- Developer(s): Intelligent Games
- Publisher(s): EA Sports
- Series: F1
- Platform(s): Microsoft Windows
- Release: EU: 6 October 2000;
- Genre(s): Sports
- Mode(s): Single-player

= F1 Manager (video game) =

2000 video game

F1 Manager is a sports video game developed by Intelligent Games and published by EA Sports exclusively for Microsoft Windows. It was the last officially licensed F1 Management game until F1 Manager 2022 by Frontier Developments.

The game takes place from the 1999 Formula One World Championship on. The player assumes the role as the team principal of a Formula One constructor managing and negotiating various aspects of the team. Critical reviews of the game were mixed.

==Gameplay==
The player takes control of the management of a Formula One motor racing team from the 1999 Formula One World Championship over a period of ten years. They have the ability to select from a range of eleven teams composed of two racing drivers each and one test driver. There is also a chief designer, technical director and a commercial director to assist the player in managing a team. They are hired through contract negotiation and remain at the team until the conclusion of the season. Contracts are done on a first come, first served basis.

Throughout the game, the performance of the player is assessed by the chairperson of the board of directors, who provides them with objectives such as to win both the World Drivers' Championship and the World Constructors' Championship or to finish in a certain position in the latter championship that they are required to meet by the conclusion of a season. They can hire support staff to help assist in the functions of the team. Designers can be employed to construct components for the cars, engineers assist in the maintenance and creation of spare parts and commercial assistants work alongside sponsors to maintain their interest in the team. Players have the option to opt in or out of scheduled test day sessions to develop a car.
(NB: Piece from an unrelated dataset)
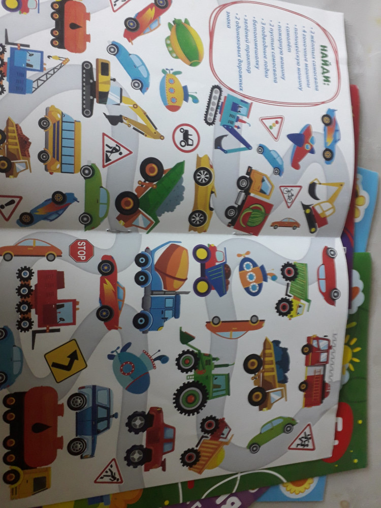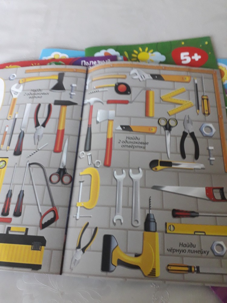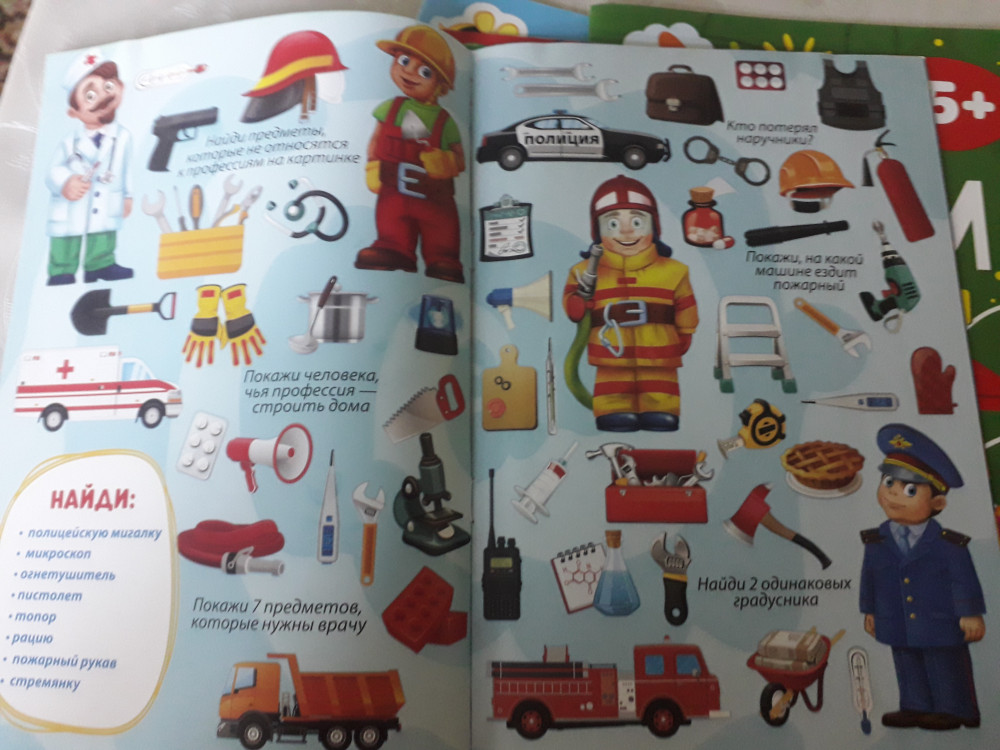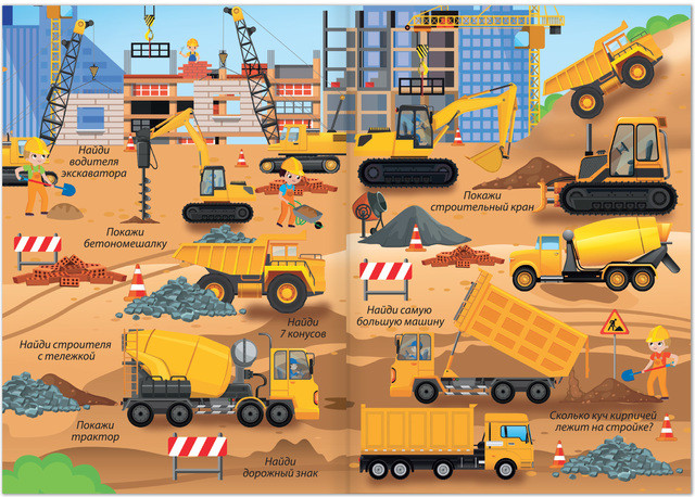 Очень красочная книжка, яркие рисунки. Для мальчиков самое то, тут и техника и инструменты. Моему младшему сыну 5 лет, ему очень понравилось искать нужную картинку, старшему 8, ему это конечно уже не интересно, слишком легко

A news screen is included in the game to allow the player to read on developments concerning Formula One teams. During a race weekend, the player has the ability to order a driver how to drive during a Grand Prix and can change their pit stop strategies. They can be instructed to increase their overall speed, be asked to slow or maintain their position. Drivers also provide the player with feedback about the performance of their vehicle, which can be altered it to suit a particular racing circuit, and can report mechanical problems to the player.
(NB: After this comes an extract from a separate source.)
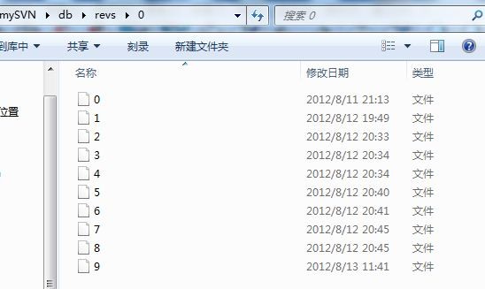 2.现在在本地新建一个文件夹,用来做SVN库。这里我在D盘新建了一个名为mySVN的文件夹,然后右键选择tortoiseSVN->Create Repository here,这样SVN库就已经创建好了可以看到该文件夹中增加了一下目录:

The player may also elect to observe a race on a television screen platform that allows them to select their preferred camera angle, and provides information such as fuel loads and tyre wear to them. They are given the option to accelerate time to lessen the amount of real-world time it takes to complete a session. Rain is not featured in the game.

== Production ==
F1 Manager was developed by Intelligent Games in the United Kingdom, and was released worldwide on Microsoft Windows by the game's license holder EA Sports in October 2000. Commentary is provided by the ITV commentator Jim Rosenthal in English, and Kai Ebel in German.

==Reception==
Jeuxvideo.com was complimentary towards the game's graphics and was critical of its soundtrack of which the reviewer deemed had no originality. They also said that the level of difficulty is not adjustable according to player's skill in management. Paul Presley of PC Zone felt that the most problematic aspect of the game was not making a difference in it and noted the races continue for a short while after the first car has completed a race. He however concluded that F1 Manager was better in terms of playability than Grand Prix Manager. A reviewer for the French magazine Joystick felt the user-friendliness and aesthetics of the game would make it more endearing to the public than Grand Prix Manager, and was less complimentary on its graphical and sound bugs. Nathan Quinn of The Race wrote that the game "killed off" the racing subgenre of management games for a long time.